Mein Rat also: Leichteres Schleppangeln mit Wobblern z.B. auf Kingfisch, Barrakuda und Giant Trevally. Sind tolle Sportfische.


----------



## knollwinst (22. Juni 2004)

*AW: Angeln in Kenia?*

Ich danke Euch für Eure Tipps!

Ich werde es dann wohl mal in der Nähe der Küste probieren! Kann man denn den Beachboys vertrauen, wenn man bei denen eine Fahrt auf nem kleinen Boot kauft, oder erzählen die nur Mist? Kann man da eigentlich auch mal in Ruhe am Strand liegen, oder nerven die die ganze Zeit? 

Danke Euch,
Knollwin


----------



## FroDo (23. Juni 2004)

*AW: Angeln in Kenia?*

Den beachboys vertrauen? - eher nicht. Eine anzahlung würde ich denen zumindest nie in die hand drücken. Was die fischerei betrifft verstehen die meistens schon was, hab da auch schon gute erfahrungen in anderen ländern gemacht. Lass dich aber von den fotos nicht blenden, die sie dir sicher in die hand drücken werden, die sind im zweifel über längere zeit gesammelt. 

Auf jeden fall solltest du dir zeit lassen, frag ruhig erstmal andere touris was sie mit dem jeweiligen anbieter für erfahrungen gemacht haben, lass dir die boote zeigen und verhandle über den preis - der sinkt automatisch, je öfter sie dich nicht überzeugen konnten mitzufahren. 

Bei uns war es damals so, dass der strand zum teil zum hotel gehörte, da hatte man seine ruhe und wurde nicht angesprochen - kein beachboy durfte da hin. Auf dem öffentlichen gelände können die jungs schon nerven, aber auch unterhaltsam sein, je nach dem, was man für ein typ ist und wie man reagiert.

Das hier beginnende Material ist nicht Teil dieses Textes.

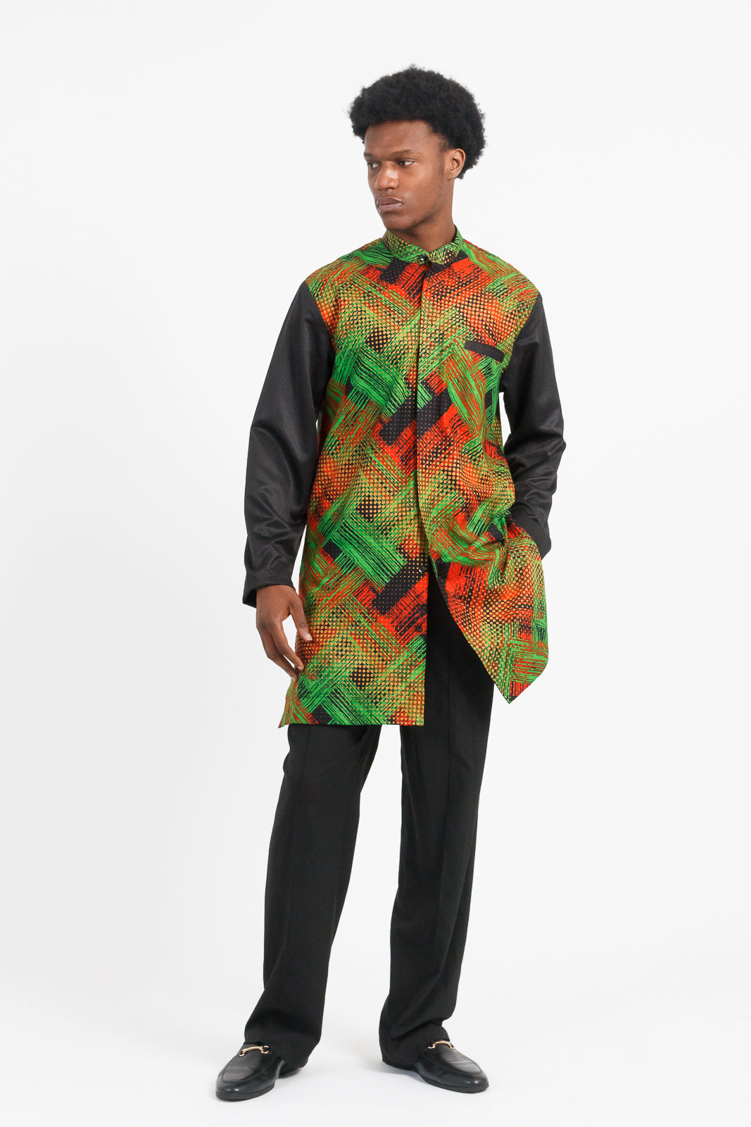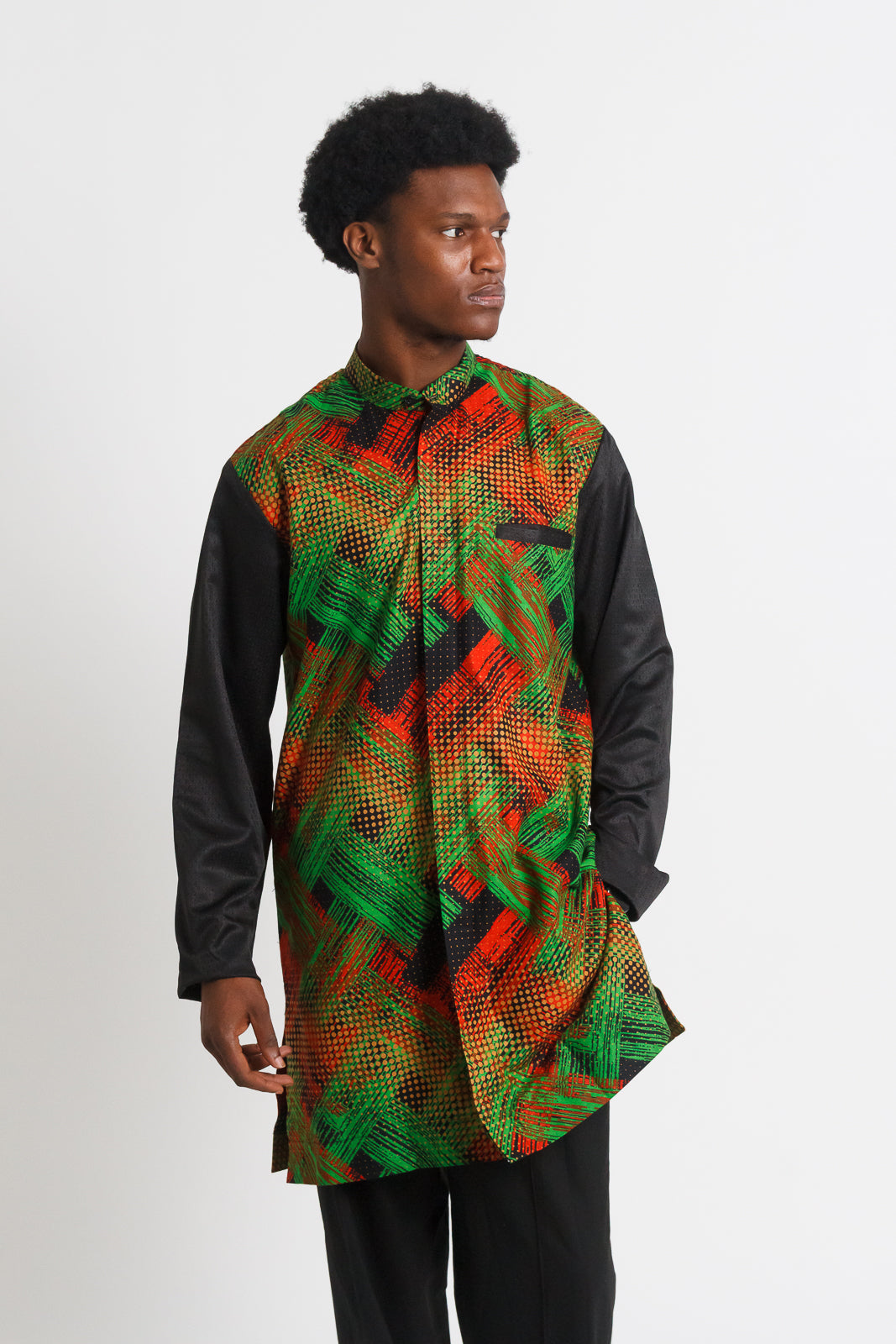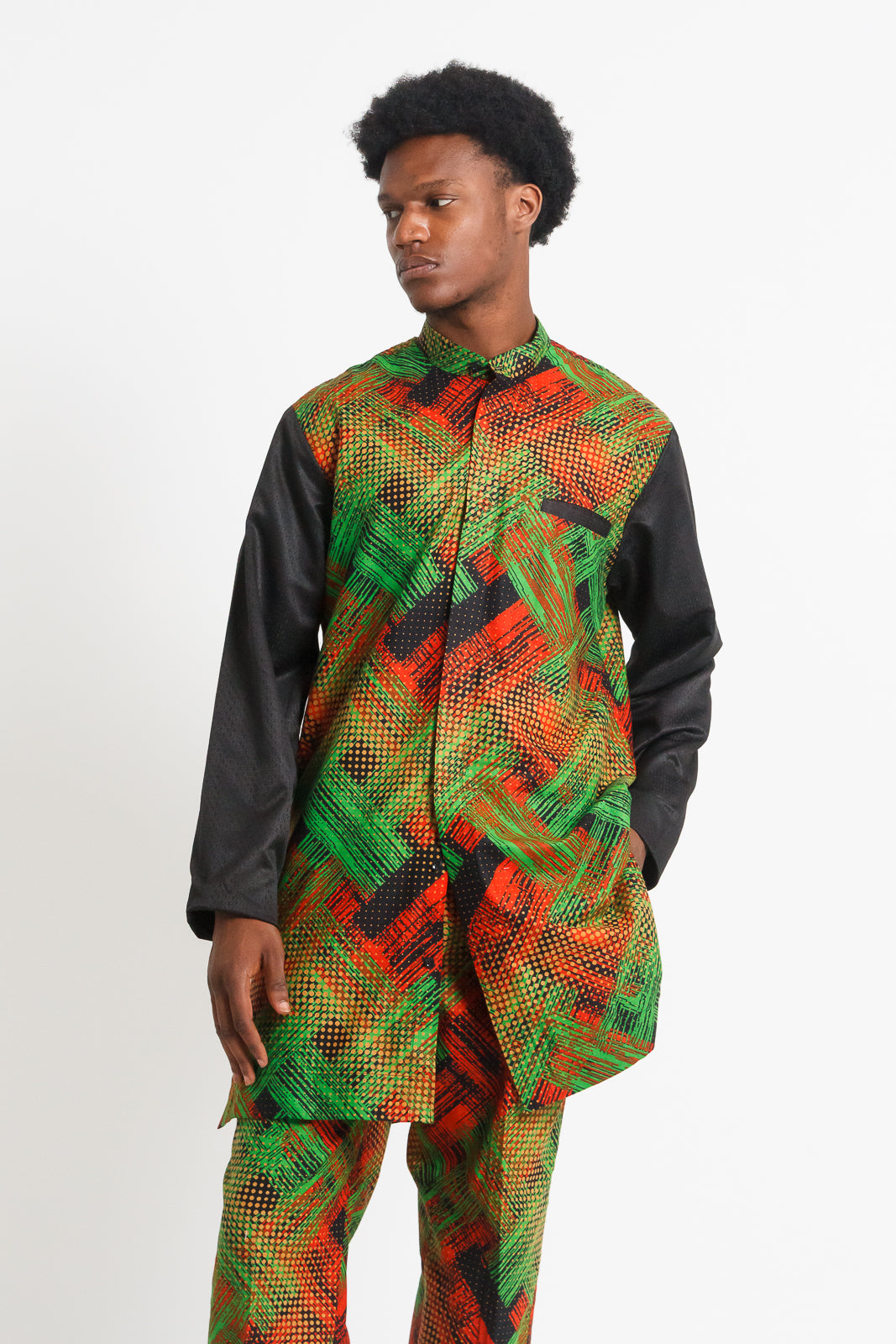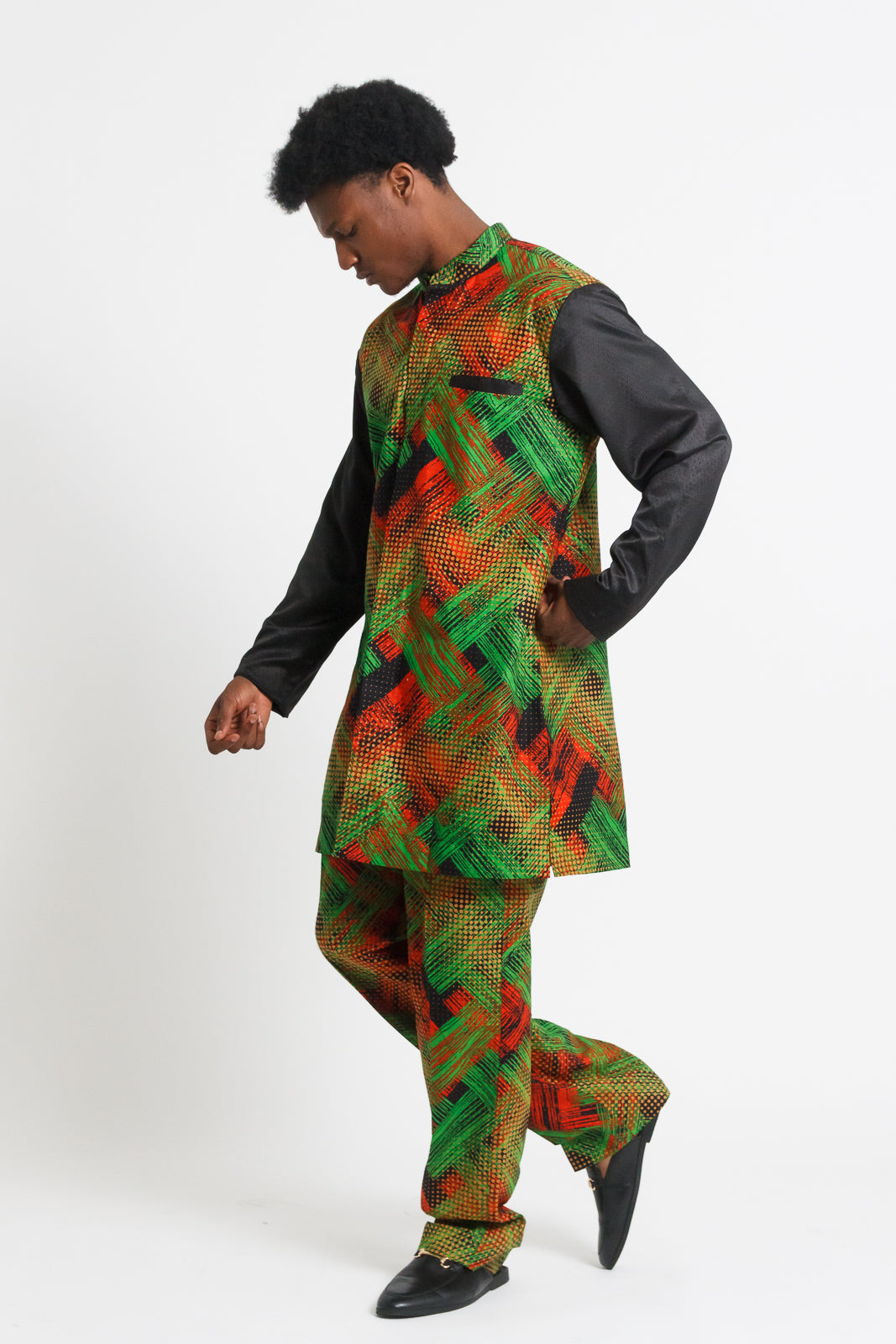 confident, rooted, and unapologetically bold. Rendered in a vivid red, green, and black African wax print, this short-sleeved overshirt is designed for presence. The relaxed, boxy silhouette and button-down front make it easy to style over a vest or wear on its own. Whether it’s a cultural event, weekend outing, or fashion-forward moment, GIRMA brings heritage and heat in one timeless piece.
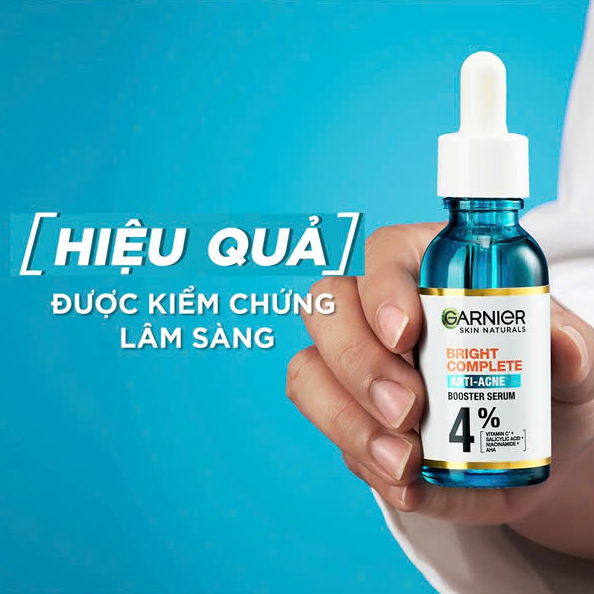 - Garnier Bright Complete Anti-Acne Booster Serum là tinh chất dưỡng da vượt trội, giúp giảm mụn sáng cho da
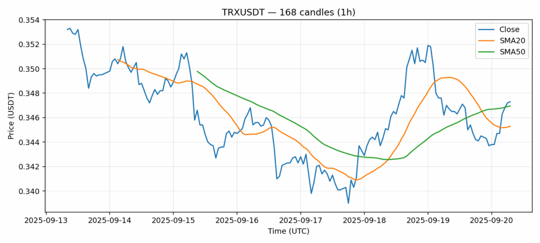 TRON — 1h candles, 7D window (SMA20/SMA50, RSI).
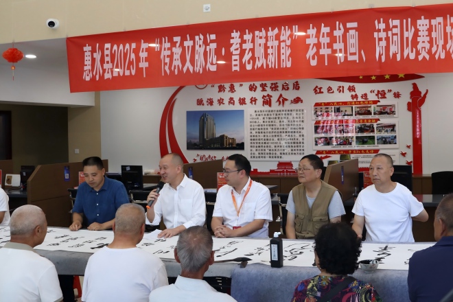 秋阳杲杲,惠风和畅。9月28日,由中共惠水县委老干部局、惠水县老年大学、惠水县关心下一代工作委员会、惠水县文化艺术界联合会四家单位联合主办;惠水恒升村镇银行、惠水县老年书画研究会承办;惠水县书法家协会、惠水县美术家协会、惠水县诗联、惠水县文化馆、惠水县灯谜协会协办的2025年“传承文脉远 耆老赋新能”老年书画诗词笔会,在惠水恒升村镇银行成功举办,惠水恒升村镇银行董事长何胜义作活动开场致辞。
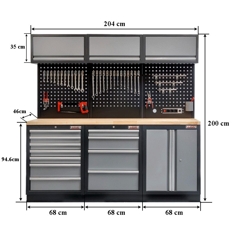 Werkbank set, gereedschapswand matzwart, 3 x hangkast en 11 laden - 204 x 46 x 200 cm werkplaatsinrichting
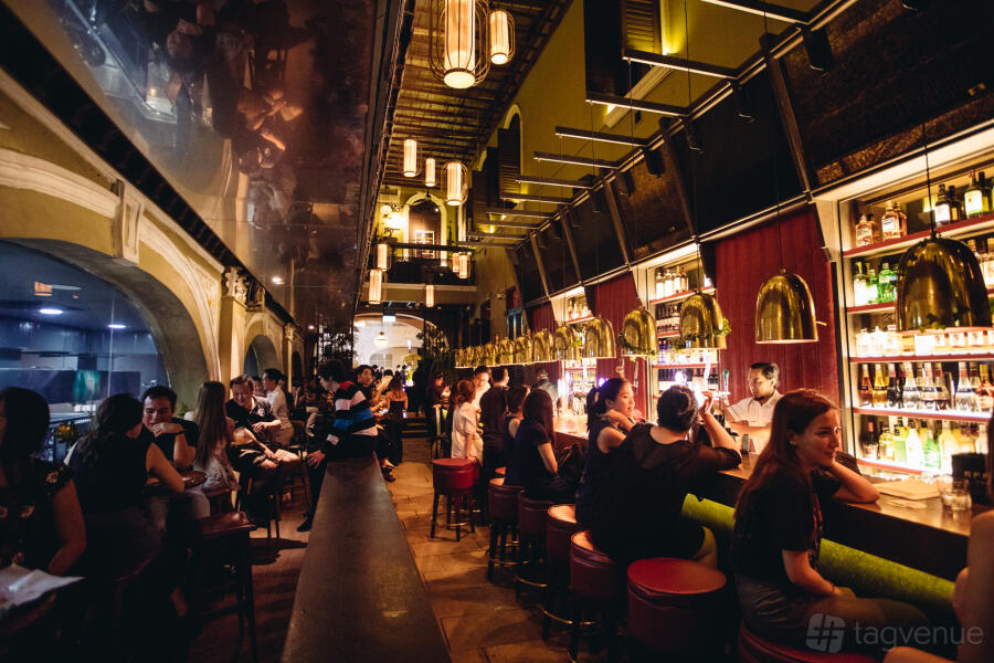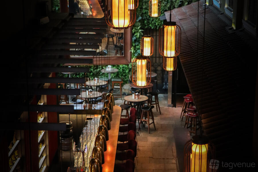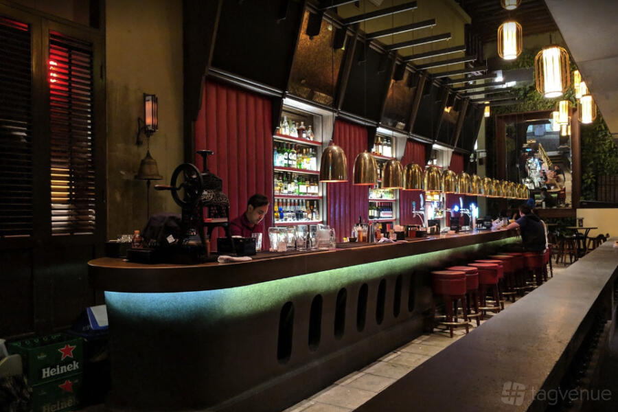 Alley bar is an elegant cocktail bar tucked between two heritage Peranakan shophouses along Emerald Hill. Featuring an airy ceiling dotted with hanging lamps, and a 15m-long brass bar, complemented by a striking gilt-framed mirror. Go on, shimmy down with your favourite tipple in hand.
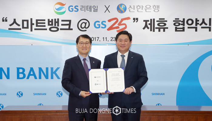 [부자동네타임즈 이현재 기자]신한은행은모바일 통합 채널 슈퍼플랫폼 프로젝트의 일환으로 GS리테일과 새로운 비즈니스모델 발굴을 위한‘스마트뱅크 @GS25’전략적 업무 협약을 체결했다고 23일 밝혔다.
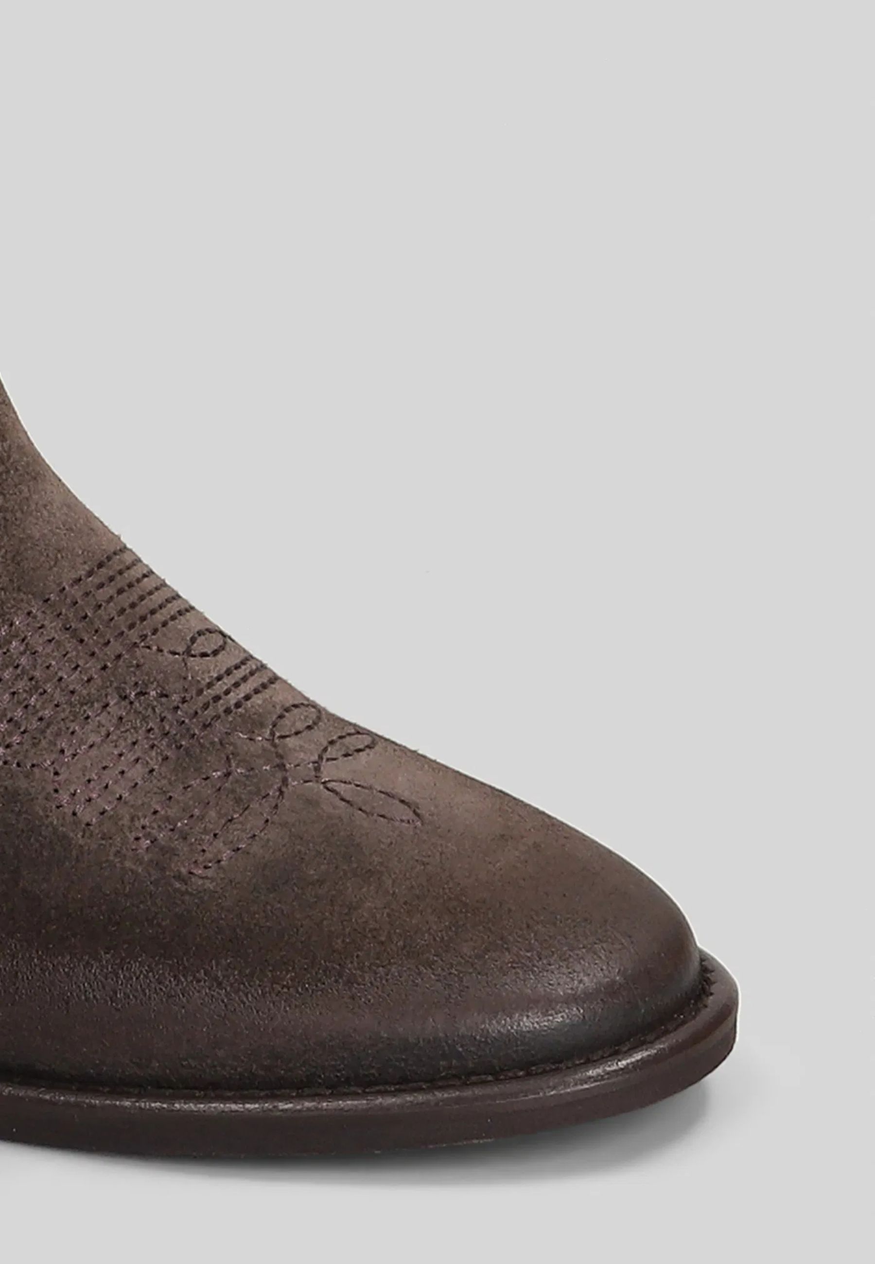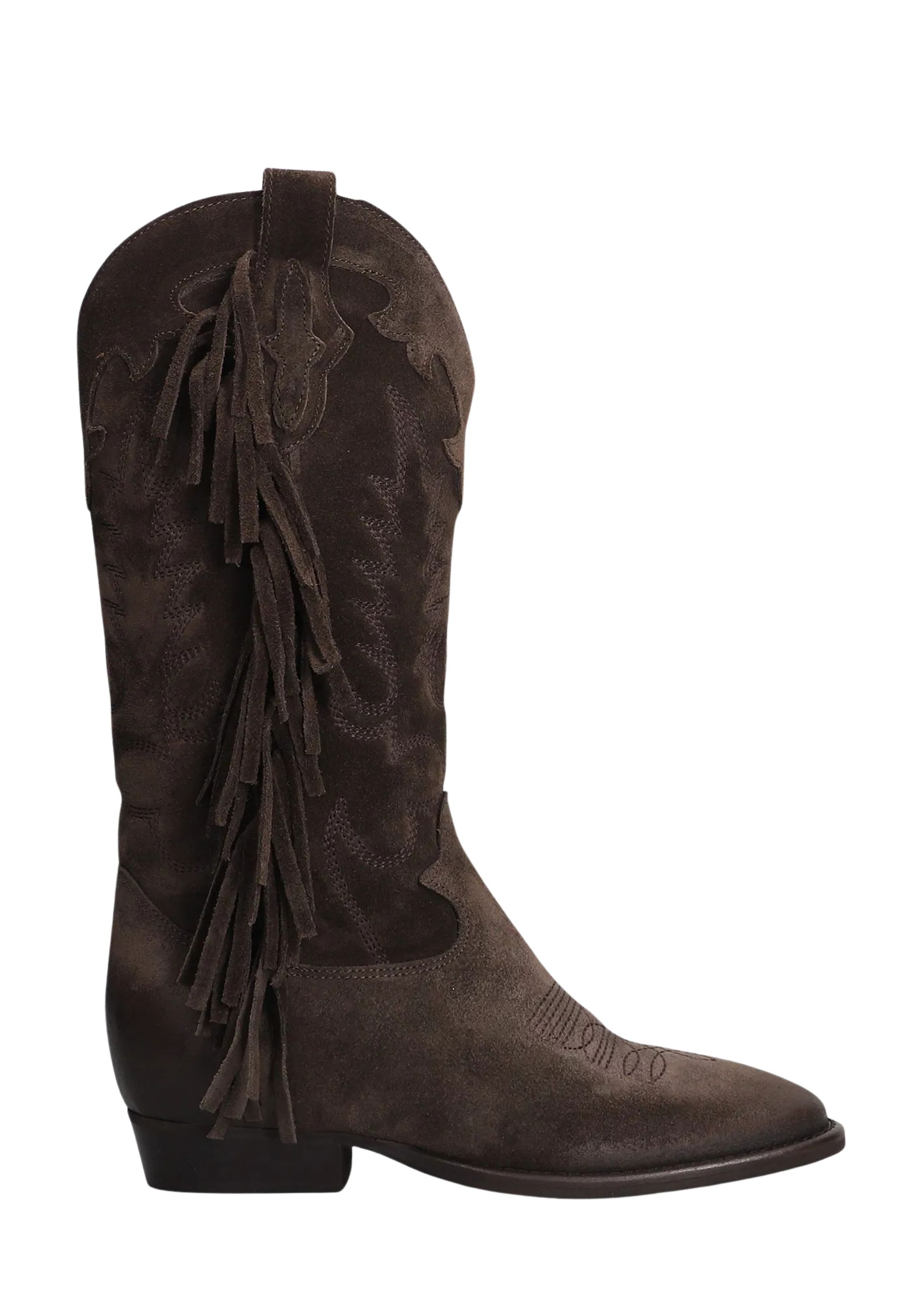 Gli stivali texani Oklahoma di Gisel Moirè reinterpretano lo stile western in chiave raffinata e contemporanea. Realizzati in 100% camoscio di alta qualità, si distinguono per la lavorazione ricamata all over e per le frange laterali, dettaglio iconico che dona movimento e carattere al design.
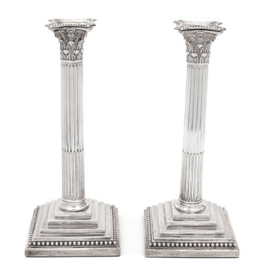 A Pair of English Weighted Silver Columnar Candlesticks, William Hutton & Sons, London, 1890,
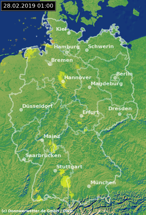 Radarbild von Donnerstag, 28.02.2019 um 01.00 Uhr
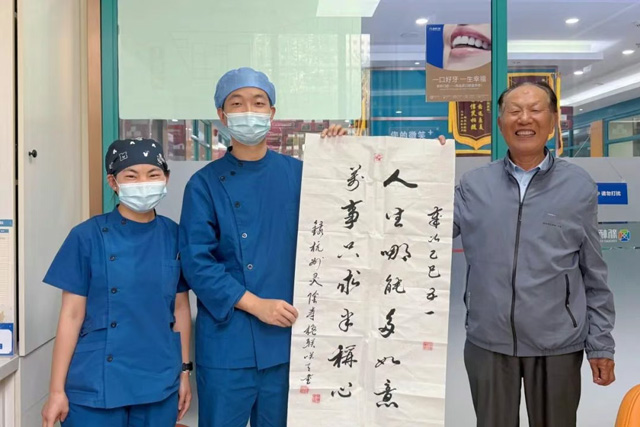 日前,新橋口腔西寧院區種植專業組副主任黃清川收到了一幅墨香四溢的書法作品。作者李秋成叔叔今年84歲,是新橋口腔西寧院區的一位種牙回頭客。 初次結緣:重獲口福,信任由此生根 回憶起2022年3月的初次種牙……
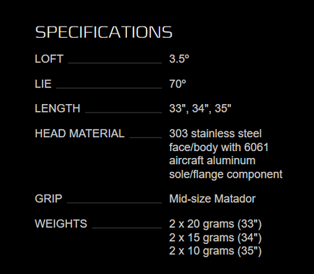 With a subtle shaft lean of 1° forward, superior alignment cues and a comfortable, familiar setup, this low torque design includes chain-link face milling for responsive, soft feel and a premium black shaft accessorized with a custom mid-size Matador grip. It’s a low torque solution with superior feel that promotes a stroke that keeps the face square to the stroke path.

Viel erfolg und gute erholung


----------



## AKor74 (23. Juni 2004)

*AW: Angeln in Kenia?*

330 USD für 6Stunden und die Fische gehören der Firma, die die Boote bereitstellt? Die hören doch wohl die Einschläge nicht, vorallem als Bedingung. Verwerten könnte man solch einen Riesen zwar eh nicht vor Ort, aber als Bedingung schon echt krass. Wenn der Ostseekutter vorschreibt, aller Dorsch größer 45cm ist mein, na dann gute Nacht Marie.

In diesem Sinne, AKor


----------